For Technical Documentation (Annex 2), you must provide an extensive list of initial design requirements, production requirements, clinical data, post-market surveillance, etc. This replaces former “technical file” formats.

For Clinical Data (Chapter 6 & Annex 14), you must compare your product against competitive products, current healthcare science, alternative treatments, and any other information necessary to be considered state of the art. Many companies also use clinical methods in MEDDEV 2.7.1.

For Post Market Surveillance (Chapter 7 & Annex 14), you must track your product’s real-world results, statistical trends, and other information that’s necessary to maintain state of the art. In other words, your product becomes part of clinical data, and clinical data influences your product to become state of the art.

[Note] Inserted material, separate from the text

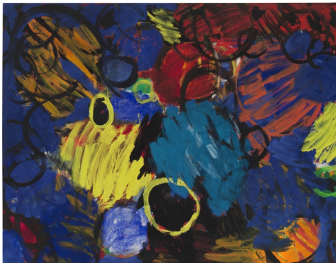
Ernst Wilhelm Nay Motion, 1962 Sold for: 1,621,000 €
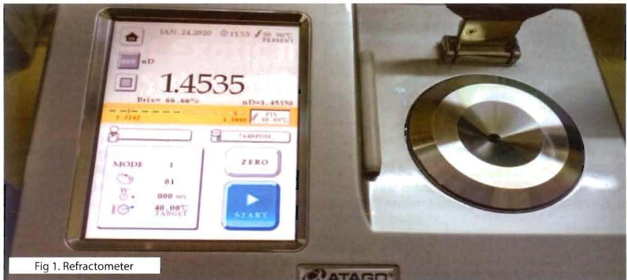
Fig 1. Refractometer

According to FSSAI (2015), refractive index is defined as the ratio of velocity of light in vacuum to the velocity of light in the oil or fat or it is described as the ratio between the sine of angle of incidence to the sine of angle of refraction. Refractive index of the samples can be measured by using a suitable refractometer. FSSAI standard for refractive index of coconut oil at 40°C is 1.4481-1.4491.

Post Market Surveillance Update Reports, PSUR’s, are brief summaries of your Post Market Surveillance will help Europe monitor safety trends, alert citizens of risks, and develop common safety standards.

Clinical data and post-market surveillance must be updated for each device or family of devices, demonstrating that your products continuously improve compared to state of the art healthcare.

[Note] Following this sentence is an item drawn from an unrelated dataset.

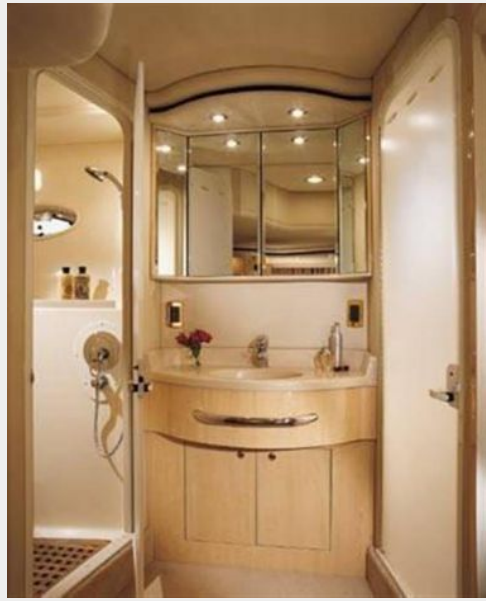
Manufacturer Provided Image - Master head, vanity, shower / Note OUR OPTION has Cherry Interior

Taking small, manageable steps towards a larger goal is the Kaizen approach to management, based on the Japanese word for “improvement” and with roots in Buddhist philosophy, which was one of the influences for Yoda in the 1980 film Star Wars: the Empire Strikes Back.

Understand what’s unique to your situation and brainstorm your next Kaizen step. As an example, I assumed a typical situation and wrote an article giving Kaizen steps towards As Far As Possible.

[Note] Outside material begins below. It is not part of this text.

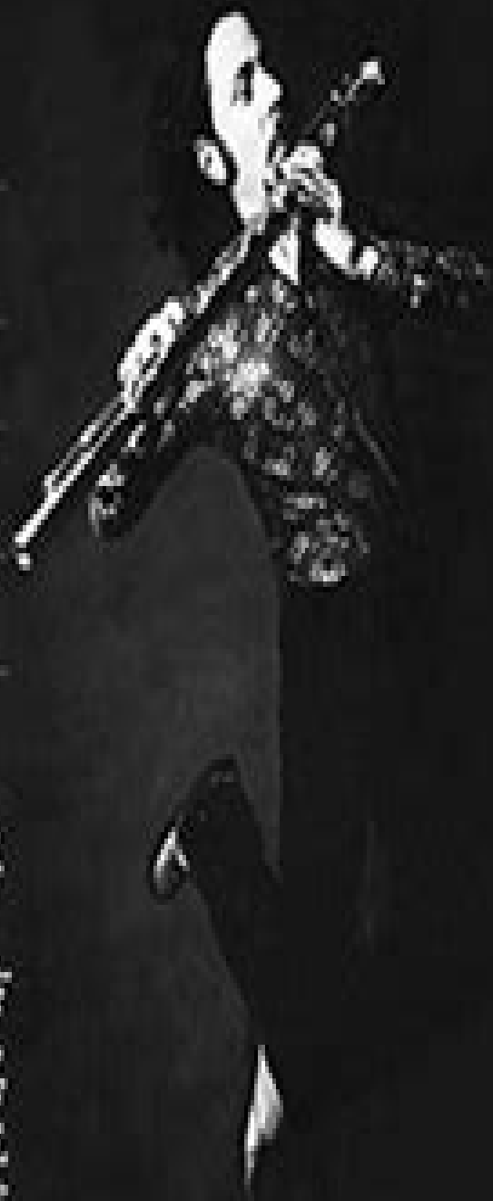
STEIG

The first time I saw Jeremy Steig was in 1971, at the New York City Public Library. He was playing the flute, and I was sitting in the audience. I was struck by his playing, and I was struck by his appearance. He was a young man, and he was playing with a confidence and a skill that I had never seen before. I was struck by his playing, and I was struck by his appearance. He was a young man, and he was playing with a confidence and a skill that I had never seen before.

For example, Unique Device Identifiers will be required for all devices to ensure traceability throughout distribution, and Clinical Data and Post-market Surveillance reports will be necessary to document that you reduced risk As Far As Possible. These are described in details throughout the 175-page European Medical Device Regulation.
Many details are out of scope for the Big Picture, which is why I recommend doing what Chuck Norris would do.

Chuck would politely ask me to help him.
But that may not be necessary; all requirements are available online, for free. I wrote an article with tips-and-tricks for learning the MDR, which includes using original sources of information whenever possible and consider hiring consultants to help. But, most consultants simply explain what is publicly available, so start by reviewing these regulations and guidance documents:

10) Seek Consulting & Training

This is my opinion.

My opinion stems from facts.

80,000 to 250,000 people die each year from healthcare errors in the United States. 5 million people die world-wide from low-quality healthcare.

Public awareness is increasing through news and documentaries like The Bleeding Edge. European citizens demanded government oversight after 400,000 people received toxic implants, which led to the MDR.

The United States is reviewing our regulations. We have the opportunity to learn from the EU-MDR, but only if we tell our elected officials that it’s important and that our votes depend on their actions.

I believe that the EU-MDR is a starting point towards safer, more innovative healthcare. If a company or entrepreneur innovates safe designs that are beneficial to patients they become the new state of the art. Innovators win and society wins.

Companies that excel will be the ones that accept change and create a culture of continuous improvement.